What you are asked to do →
Only the lines from the one with "French women over" through the final line below belong in the answer, copied exactly and without pictures.

[Dataset entries]
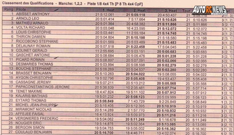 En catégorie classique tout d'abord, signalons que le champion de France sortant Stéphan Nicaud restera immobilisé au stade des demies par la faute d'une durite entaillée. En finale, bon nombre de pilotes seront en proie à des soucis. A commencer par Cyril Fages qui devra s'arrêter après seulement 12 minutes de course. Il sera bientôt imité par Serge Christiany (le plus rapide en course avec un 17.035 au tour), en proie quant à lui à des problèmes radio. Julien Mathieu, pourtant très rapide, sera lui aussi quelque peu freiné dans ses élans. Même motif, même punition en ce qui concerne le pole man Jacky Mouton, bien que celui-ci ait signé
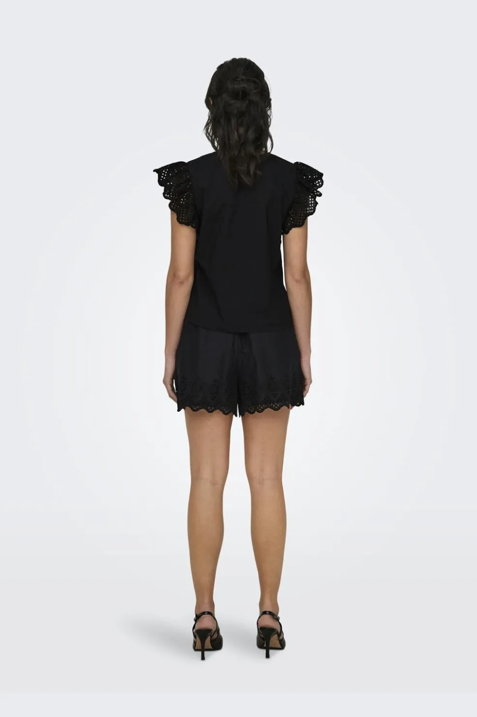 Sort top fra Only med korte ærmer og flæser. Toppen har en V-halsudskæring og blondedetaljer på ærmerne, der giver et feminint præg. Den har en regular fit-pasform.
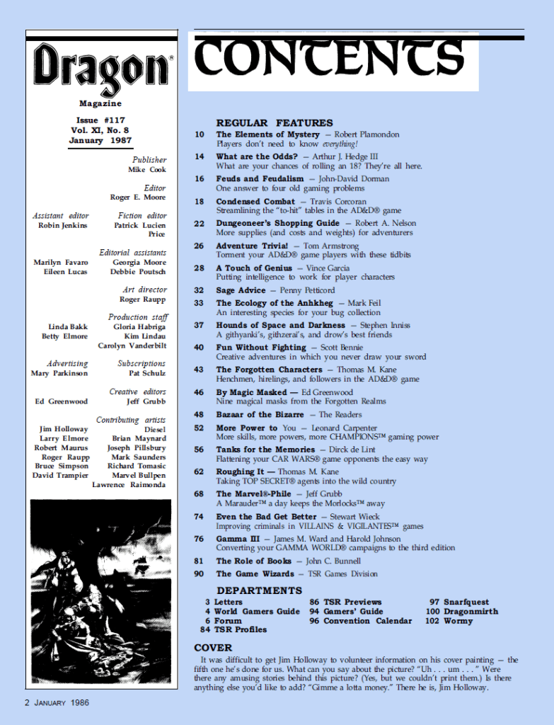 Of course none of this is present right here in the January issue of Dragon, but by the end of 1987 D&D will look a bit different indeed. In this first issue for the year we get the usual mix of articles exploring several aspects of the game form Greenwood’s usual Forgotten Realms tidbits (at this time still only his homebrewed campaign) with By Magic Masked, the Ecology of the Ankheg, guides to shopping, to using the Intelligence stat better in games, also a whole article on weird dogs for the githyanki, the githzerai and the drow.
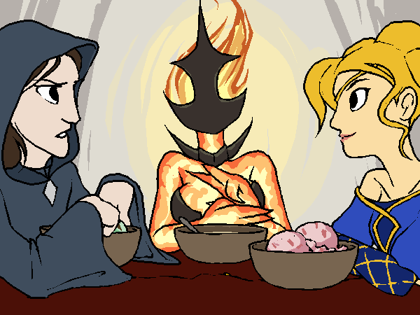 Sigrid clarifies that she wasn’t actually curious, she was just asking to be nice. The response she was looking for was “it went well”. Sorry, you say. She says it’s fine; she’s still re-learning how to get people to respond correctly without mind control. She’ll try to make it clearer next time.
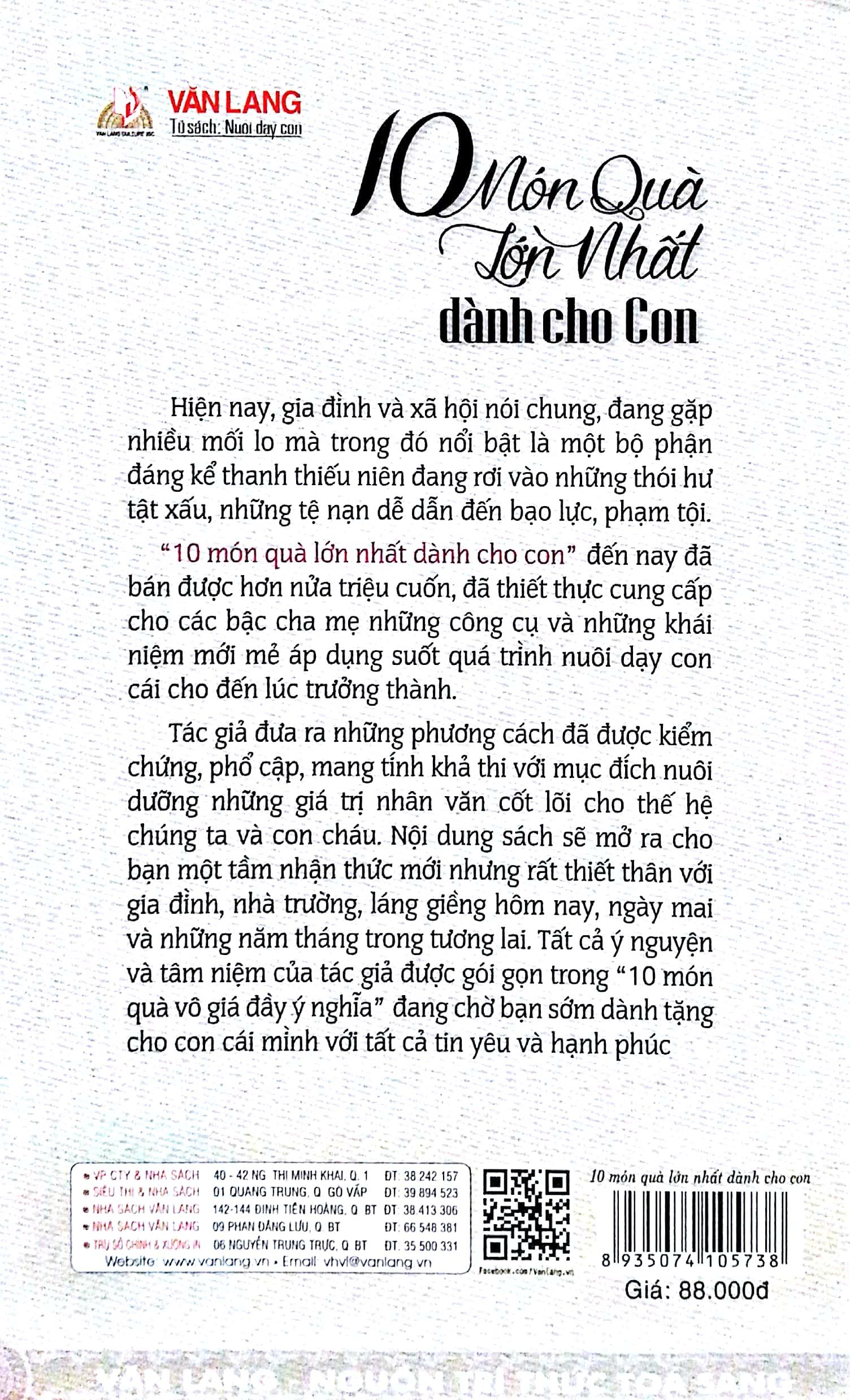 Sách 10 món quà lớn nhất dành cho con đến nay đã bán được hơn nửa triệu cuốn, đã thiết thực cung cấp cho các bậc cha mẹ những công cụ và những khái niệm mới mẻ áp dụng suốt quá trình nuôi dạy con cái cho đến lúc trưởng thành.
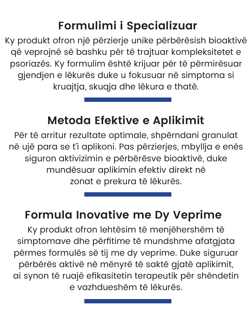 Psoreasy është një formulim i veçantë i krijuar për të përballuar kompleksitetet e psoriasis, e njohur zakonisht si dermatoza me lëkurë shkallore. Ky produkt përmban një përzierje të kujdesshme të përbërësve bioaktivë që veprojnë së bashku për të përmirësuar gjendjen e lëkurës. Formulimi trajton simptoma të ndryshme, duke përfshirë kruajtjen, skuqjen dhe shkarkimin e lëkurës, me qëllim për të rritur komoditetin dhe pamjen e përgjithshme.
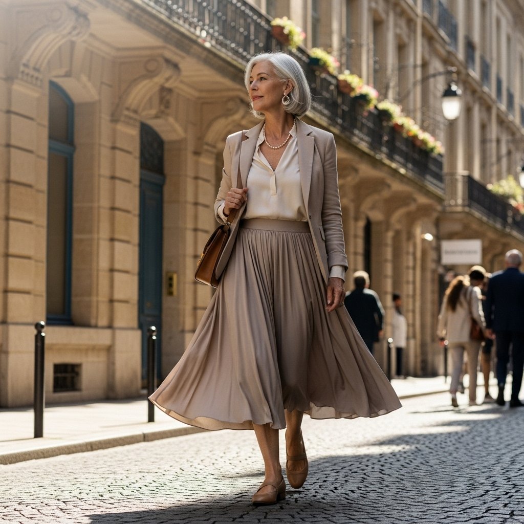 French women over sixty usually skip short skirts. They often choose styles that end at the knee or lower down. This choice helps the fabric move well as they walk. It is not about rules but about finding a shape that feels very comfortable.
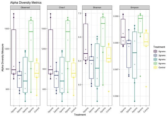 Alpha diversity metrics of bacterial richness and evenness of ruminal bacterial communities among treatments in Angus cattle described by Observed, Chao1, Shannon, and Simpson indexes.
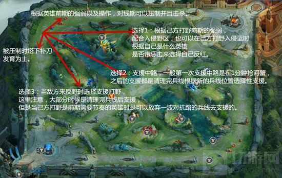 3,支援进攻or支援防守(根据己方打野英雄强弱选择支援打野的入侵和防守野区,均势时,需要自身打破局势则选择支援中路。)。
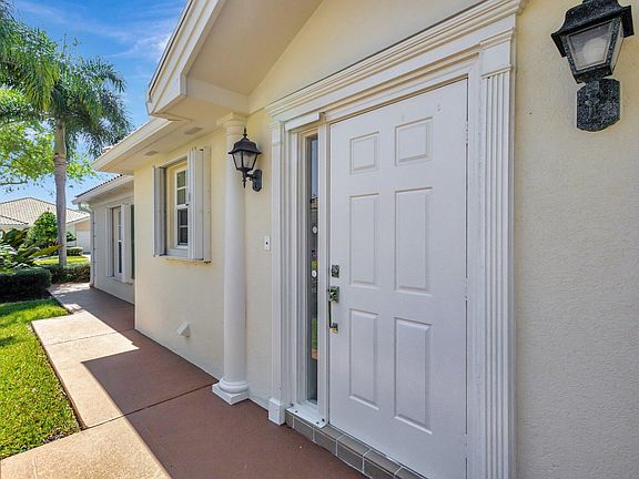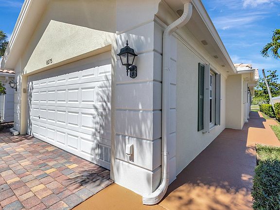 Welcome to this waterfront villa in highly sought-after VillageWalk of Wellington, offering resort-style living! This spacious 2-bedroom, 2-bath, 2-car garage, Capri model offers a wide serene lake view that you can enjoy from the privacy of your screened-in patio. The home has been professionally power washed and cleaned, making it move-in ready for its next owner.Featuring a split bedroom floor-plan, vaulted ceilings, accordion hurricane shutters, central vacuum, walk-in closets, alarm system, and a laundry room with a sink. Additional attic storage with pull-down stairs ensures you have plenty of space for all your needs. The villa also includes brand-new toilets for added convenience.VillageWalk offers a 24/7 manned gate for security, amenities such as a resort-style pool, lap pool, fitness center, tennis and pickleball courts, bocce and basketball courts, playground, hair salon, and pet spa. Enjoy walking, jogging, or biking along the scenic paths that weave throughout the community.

Solution for this task →
 French women over sixty usually skip short skirts. They often choose styles that end at the knee or lower down. This choice helps the fabric move well as they walk. It is not about rules but about finding a shape that feels very comfortable.
 Alpha diversity metrics of bacterial richness and evenness of ruminal bacterial communities among treatments in Angus cattle described by Observed, Chao1, Shannon, and Simpson indexes.
 3,支援进攻or支援防守(根据己方打野英雄强弱选择支援打野的入侵和防守野区,均势时,需要自身打破局势则选择支援中路。)。
 Welcome to this waterfront villa in highly sought-after VillageWalk of Wellington, offering resort-style living! This spacious 2-bedroom, 2-bath, 2-car garage, Capri model offers a wide serene lake view that you can enjoy from the privacy of your screened-in patio. The home has been professionally power washed and cleaned, making it move-in ready for its next owner.Featuring a split bedroom floor-plan, vaulted ceilings, accordion hurricane shutters, central vacuum, walk-in closets, alarm system, and a laundry room with a sink. Additional attic storage with pull-down stairs ensures you have plenty of space for all your needs. The villa also includes brand-new toilets for added convenience.VillageWalk offers a 24/7 manned gate for security, amenities such as a resort-style pool, lap pool, fitness center, tennis and pickleball courts, bocce and basketball courts, playground, hair salon, and pet spa. Enjoy walking, jogging, or biking along the scenic paths that weave throughout the community.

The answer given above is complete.